Reno city leaders have approved a contract enabling a pilot "drone as a first responder" program for the Reno Police Department, and Police Chief Catherine Entz told the city podcast the technology is intended to give officers faster situational awareness and improve public safety.
Chief Entz said the city is partnering with Motorola Solutions and Bridal Technologies as the drone provider. "Drone as a first responder is ... an opportunity for when certain types of calls for service occur, we are able to self‑deploy the drone, and it will fly to the area where the problem is happening and get first‑hand look of what is going on there and relay that information back to our officers," she said.
Entz emphasized officer safety as a primary benefit, saying the drones can provide "eyes on a scene" within about 70 to 90 seconds for incidents within roughly a two‑mile radius, giving responding officers information about whether people on scene are armed or combative before officers arrive. She also described technical capabilities including up to 40× optical zoom, night‑vision modes and thermal sensors to locate heat sources such as missing persons.

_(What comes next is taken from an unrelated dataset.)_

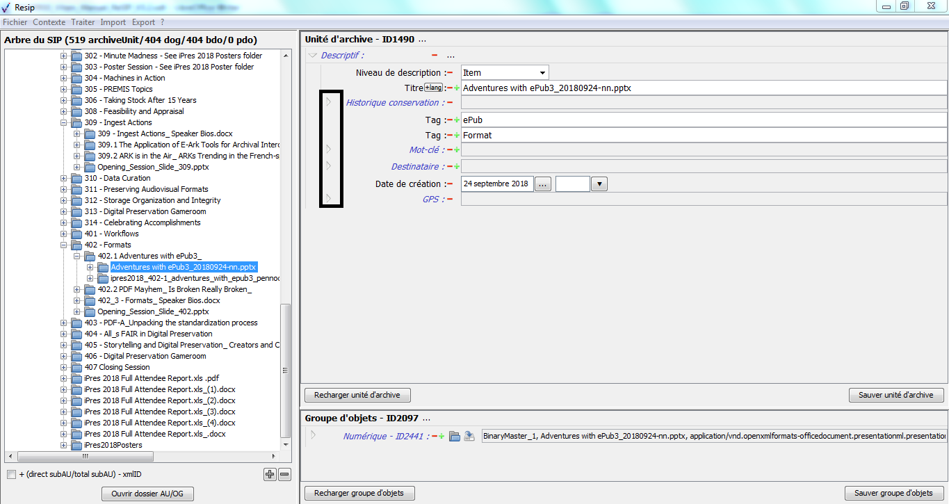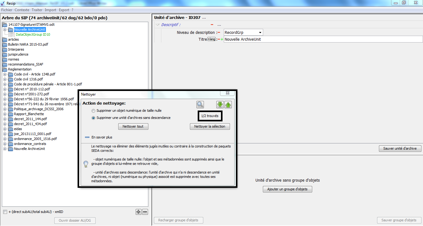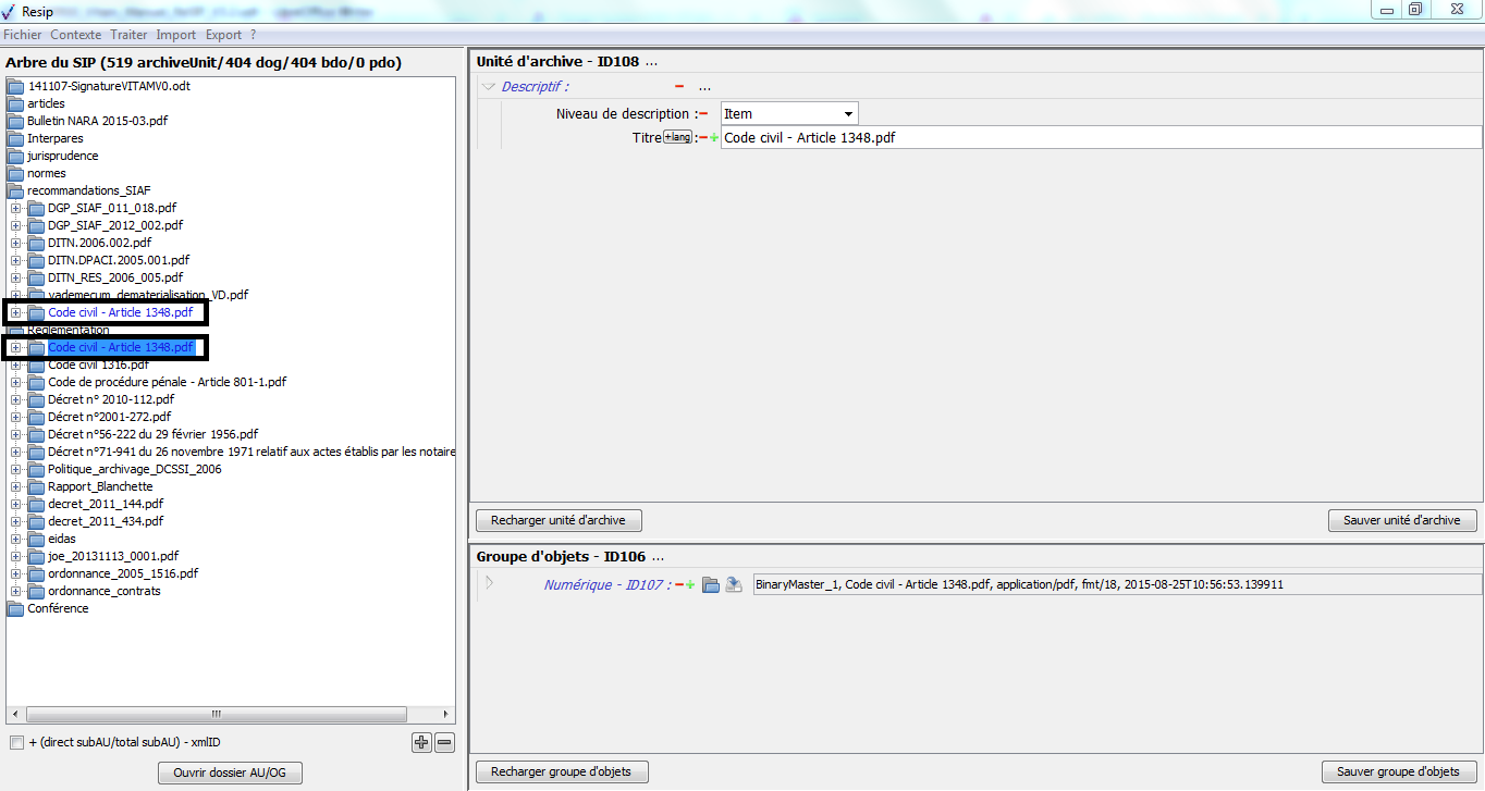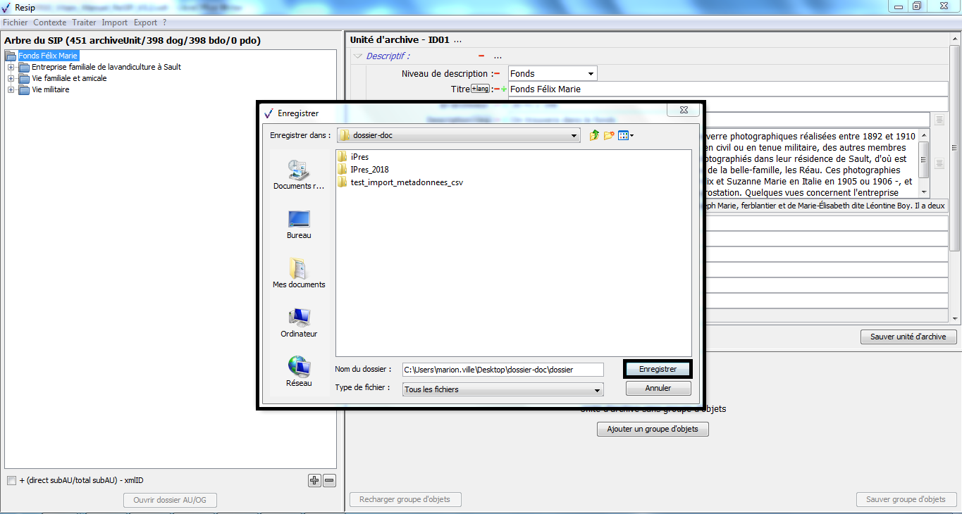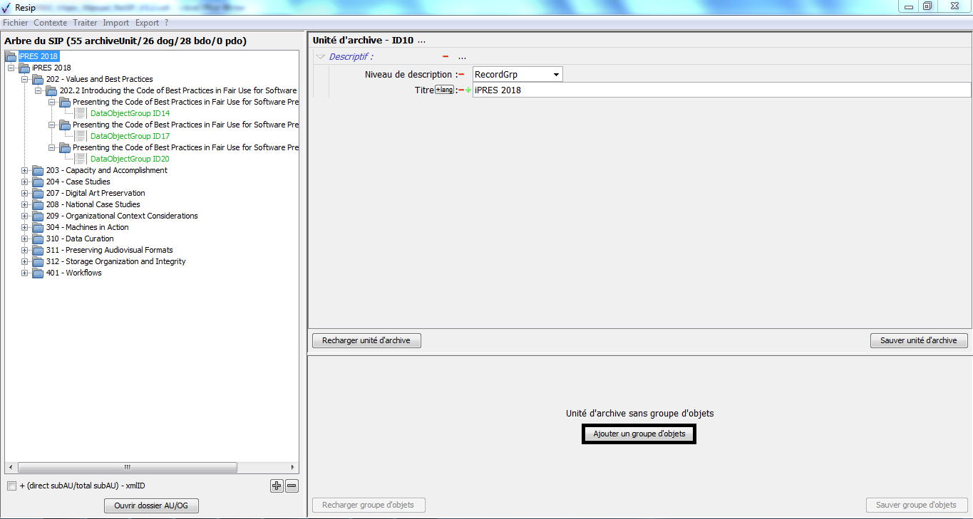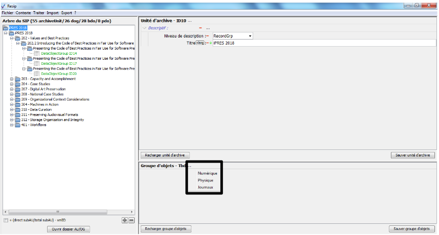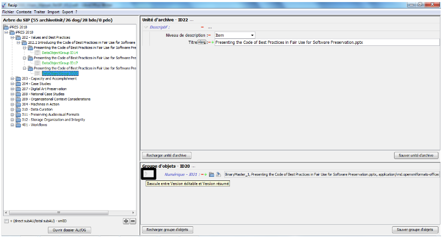 Nous vous invitons également à prendre connaissance du billet de blog du SIAF daté du 30 septembre 2019 et intitulé « Trois outils contribuant à l’archivage numérique » : il vous permettra de voir d’un seul coup d’œil les fonctionnalités de ReSIP en lien avec deux autres outils, Archifiltre et Octave. Ce billet est consultable en suivant ce lien : https://siaf.hypotheses.org/1033[1].

The department told the podcast the flights are recorded from takeoff until the drone docks and recharges; recordings are retained when they capture a crime or evidence, and deleted when a flight captures no incident, according to Entz. She said the drones also support non‑law enforcement uses: in coordination with medical response teams and fire, a drone could carry and drop an AED, EpiPen or naloxone to a person in need.
The contract is structured as a one‑year pilot that begins when the first drone responds from an assigned site. The city will start with four sites and may reduce that number (to three or two) at no cost during the first year, Entz said. She described the longer contract (years two through six) as including services, insurance, maintenance and upgrades at an approximate cost of $100,000 per site.
Entz said agencies that have deployed similar systems "have seen about a 25% reduction in calls that officers have to respond to" and a decrease in use‑of‑force incidents, which she argued can yield operational savings and safety benefits.
City staff said vendor site surveys are underway and the department hopes to have drones operational by April, pending required Federal Aviation Administration approvals and other clearances.
Entz also told the podcast the department received a donation from Wyze Labs of 250 security cameras, an in‑kind contribution the department values at more than $7,000, to be distributed via victim services to domestic‑violence survivors at no charge to taxpayers. She said the donation was brought to council for approval before distribution.
The council action recorded in the podcast summary approved the contract; the podcast did not include a formal vote tally or motion text for public record. City officials said they plan to report back to council with a formal update 6–9 months after launch to assess performance, calls cleared, costs and any operational changes.
Next steps: site surveys, FAA clearances and a first deployment that will start the one‑year pilot phase.